▶ [Task directions]:
Any pictures in the records below should be skipped; write out everything else exactly.

* * * * * * * * *

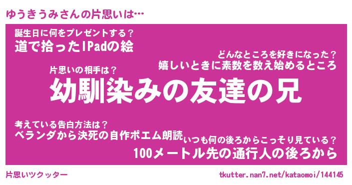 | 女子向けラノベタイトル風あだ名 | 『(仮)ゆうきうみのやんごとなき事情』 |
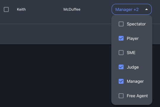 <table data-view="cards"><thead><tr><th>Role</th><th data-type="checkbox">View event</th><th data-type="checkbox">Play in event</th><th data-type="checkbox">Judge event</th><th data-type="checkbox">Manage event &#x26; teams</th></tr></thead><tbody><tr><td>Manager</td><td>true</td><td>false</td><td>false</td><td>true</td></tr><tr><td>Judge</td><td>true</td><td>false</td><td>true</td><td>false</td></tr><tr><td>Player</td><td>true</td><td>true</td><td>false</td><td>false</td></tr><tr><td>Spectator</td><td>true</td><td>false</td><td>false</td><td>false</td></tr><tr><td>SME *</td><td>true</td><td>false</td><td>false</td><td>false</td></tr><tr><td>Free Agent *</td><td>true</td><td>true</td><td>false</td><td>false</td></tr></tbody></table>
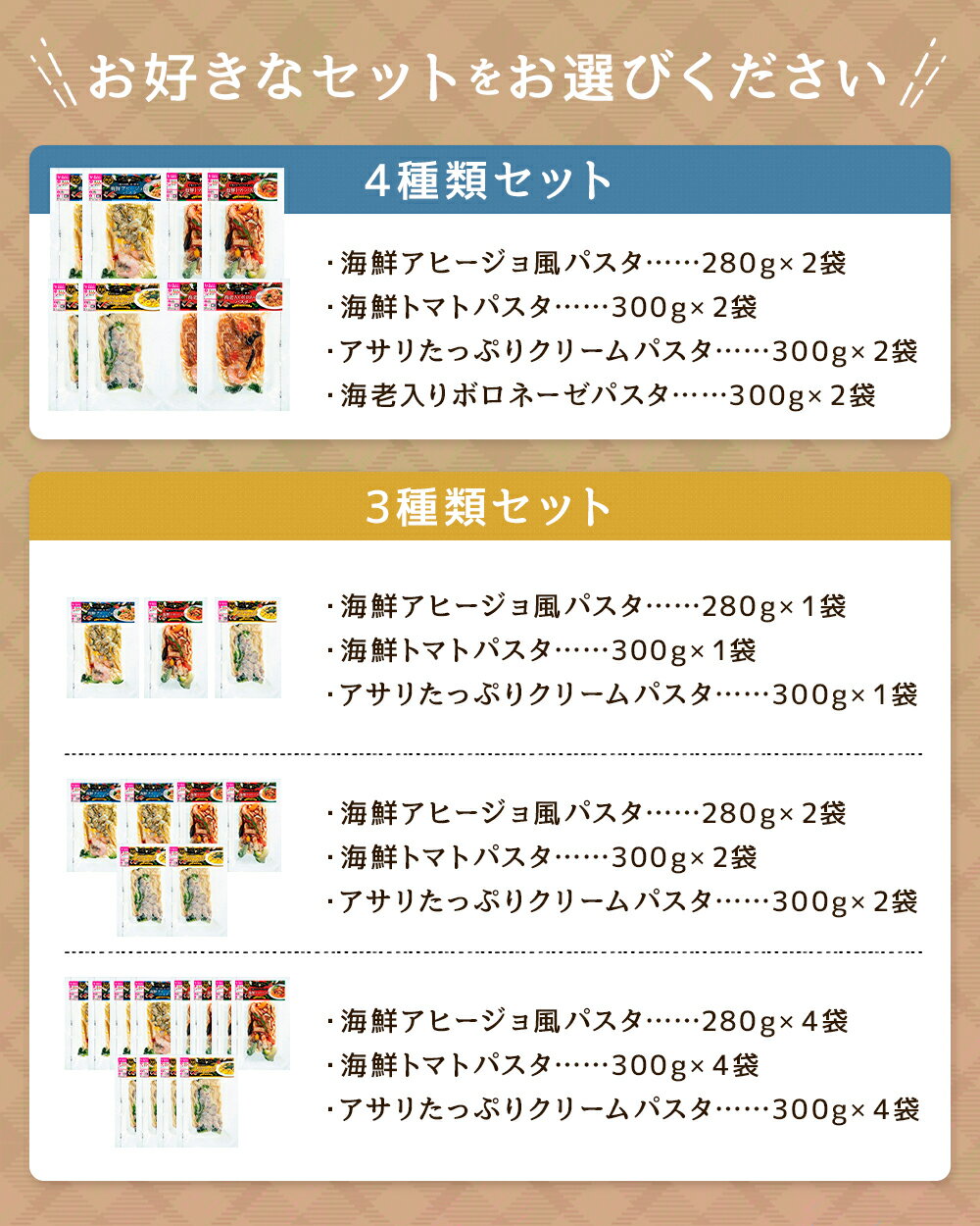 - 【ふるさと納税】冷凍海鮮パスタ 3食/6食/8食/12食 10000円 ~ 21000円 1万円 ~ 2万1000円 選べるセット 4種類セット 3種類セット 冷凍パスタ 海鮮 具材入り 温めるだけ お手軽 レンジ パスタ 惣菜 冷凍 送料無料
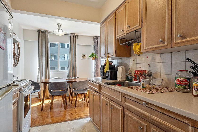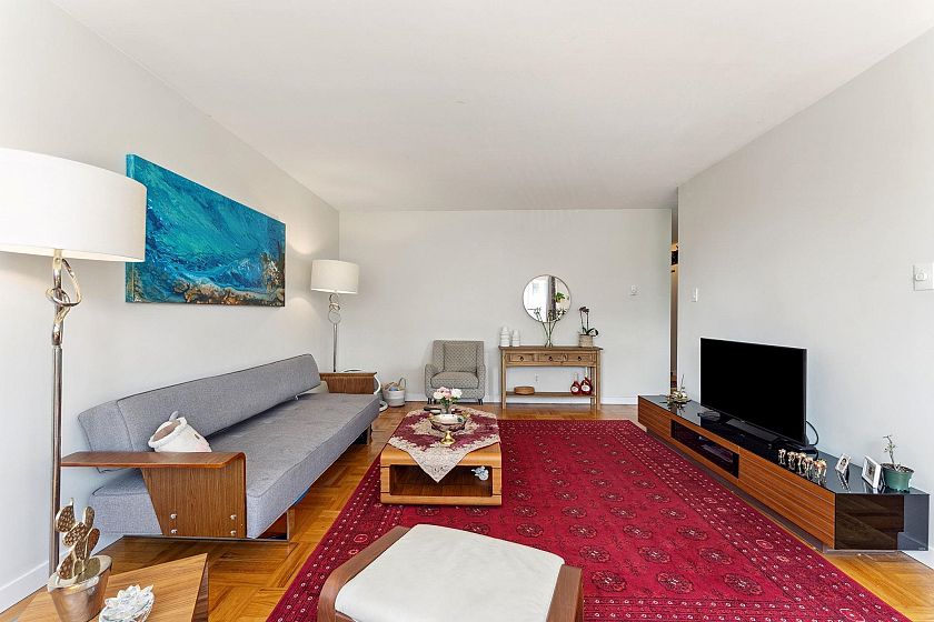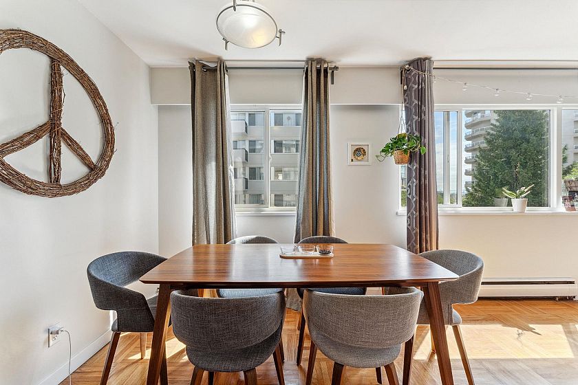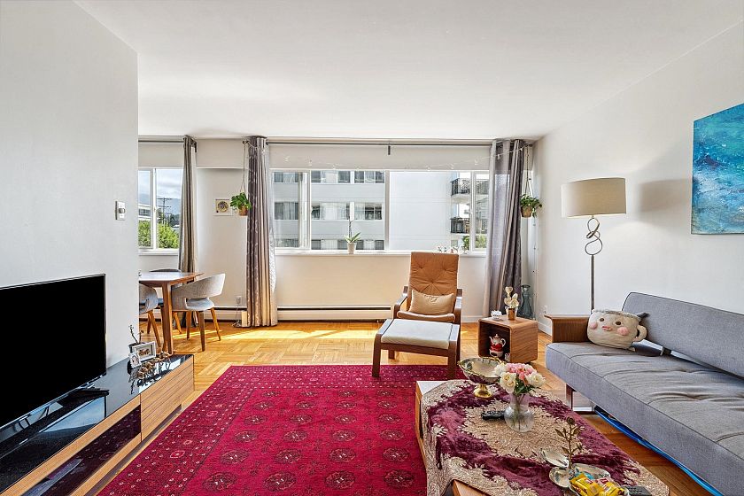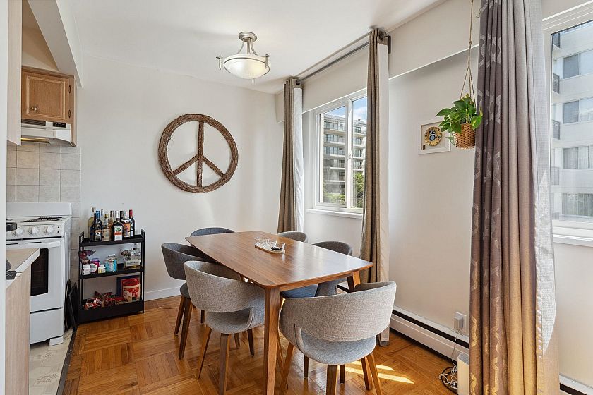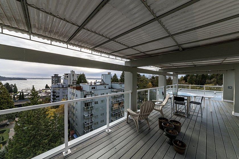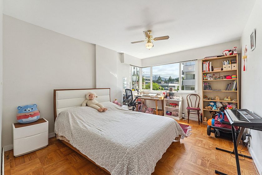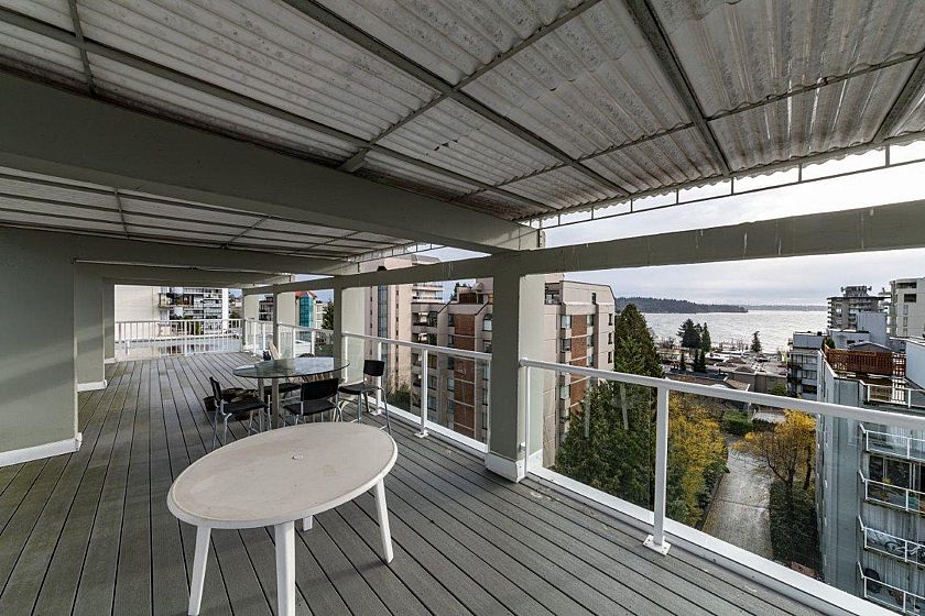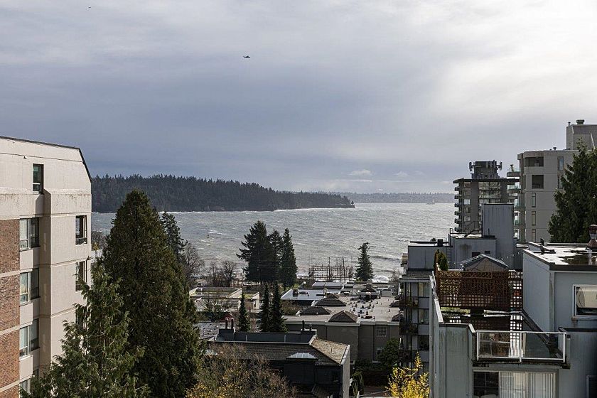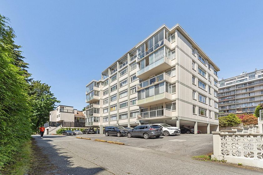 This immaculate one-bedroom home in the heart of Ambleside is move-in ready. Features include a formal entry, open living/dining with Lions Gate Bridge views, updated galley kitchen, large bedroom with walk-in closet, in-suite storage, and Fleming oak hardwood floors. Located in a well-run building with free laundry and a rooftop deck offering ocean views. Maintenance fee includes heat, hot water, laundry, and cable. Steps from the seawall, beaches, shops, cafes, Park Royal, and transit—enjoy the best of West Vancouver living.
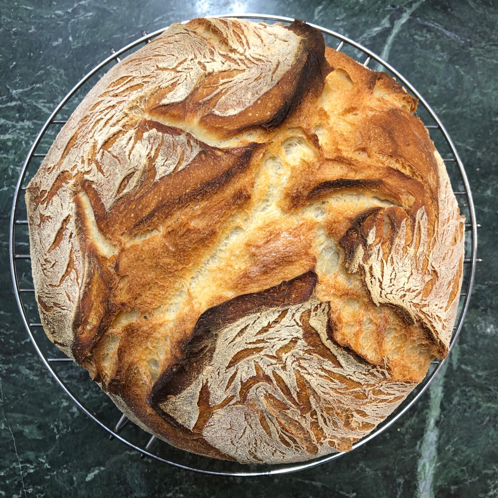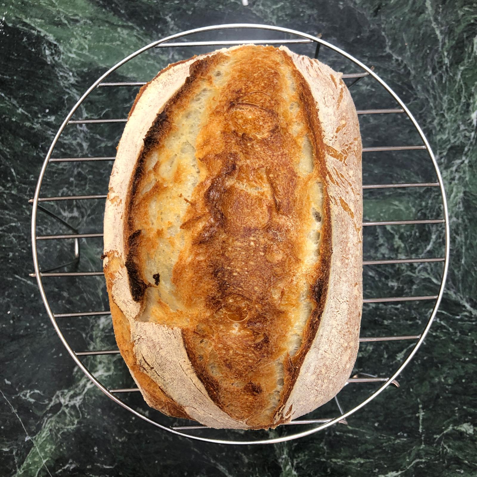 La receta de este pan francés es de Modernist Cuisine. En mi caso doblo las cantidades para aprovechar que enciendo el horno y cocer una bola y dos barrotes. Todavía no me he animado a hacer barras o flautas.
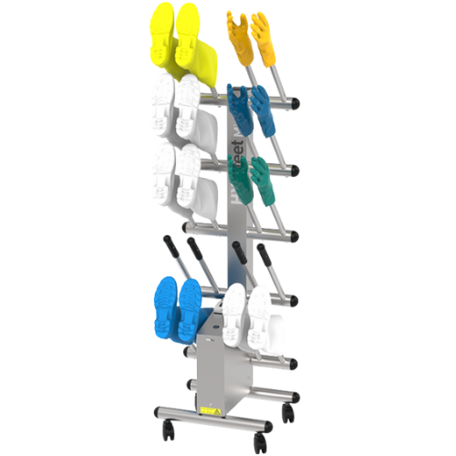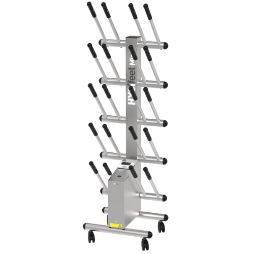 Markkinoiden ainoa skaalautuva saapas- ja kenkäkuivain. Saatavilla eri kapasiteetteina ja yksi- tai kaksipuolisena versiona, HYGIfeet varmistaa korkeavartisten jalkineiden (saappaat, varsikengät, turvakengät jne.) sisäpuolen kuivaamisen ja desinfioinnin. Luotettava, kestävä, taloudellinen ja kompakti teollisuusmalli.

* * * * * * * * *

▶ [Task solution]:
 | 女子向けラノベタイトル風あだ名 | 『(仮)ゆうきうみのやんごとなき事情』 |
 <table data-view="cards"><thead><tr><th>Role</th><th data-type="checkbox">View event</th><th data-type="checkbox">Play in event</th><th data-type="checkbox">Judge event</th><th data-type="checkbox">Manage event &#x26; teams</th></tr></thead><tbody><tr><td>Manager</td><td>true</td><td>false</td><td>false</td><td>true</td></tr><tr><td>Judge</td><td>true</td><td>false</td><td>true</td><td>false</td></tr><tr><td>Player</td><td>true</td><td>true</td><td>false</td><td>false</td></tr><tr><td>Spectator</td><td>true</td><td>false</td><td>false</td><td>false</td></tr><tr><td>SME *</td><td>true</td><td>false</td><td>false</td><td>false</td></tr><tr><td>Free Agent *</td><td>true</td><td>true</td><td>false</td><td>false</td></tr></tbody></table>
 - 【ふるさと納税】冷凍海鮮パスタ 3食/6食/8食/12食 10000円 ~ 21000円 1万円 ~ 2万1000円 選べるセット 4種類セット 3種類セット 冷凍パスタ 海鮮 具材入り 温めるだけ お手軽 レンジ パスタ 惣菜 冷凍 送料無料
 This immaculate one-bedroom home in the heart of Ambleside is move-in ready. Features include a formal entry, open living/dining with Lions Gate Bridge views, updated galley kitchen, large bedroom with walk-in closet, in-suite storage, and Fleming oak hardwood floors. Located in a well-run building with free laundry and a rooftop deck offering ocean views. Maintenance fee includes heat, hot water, laundry, and cable. Steps from the seawall, beaches, shops, cafes, Park Royal, and transit—enjoy the best of West Vancouver living.
 La receta de este pan francés es de Modernist Cuisine. En mi caso doblo las cantidades para aprovechar que enciendo el horno y cocer una bola y dos barrotes. Todavía no me he animado a hacer barras o flautas.
 Markkinoiden ainoa skaalautuva saapas- ja kenkäkuivain. Saatavilla eri kapasiteetteina ja yksi- tai kaksipuolisena versiona, HYGIfeet varmistaa korkeavartisten jalkineiden (saappaat, varsikengät, turvakengät jne.) sisäpuolen kuivaamisen ja desinfioinnin. Luotettava, kestävä, taloudellinen ja kompakti teollisuusmalli.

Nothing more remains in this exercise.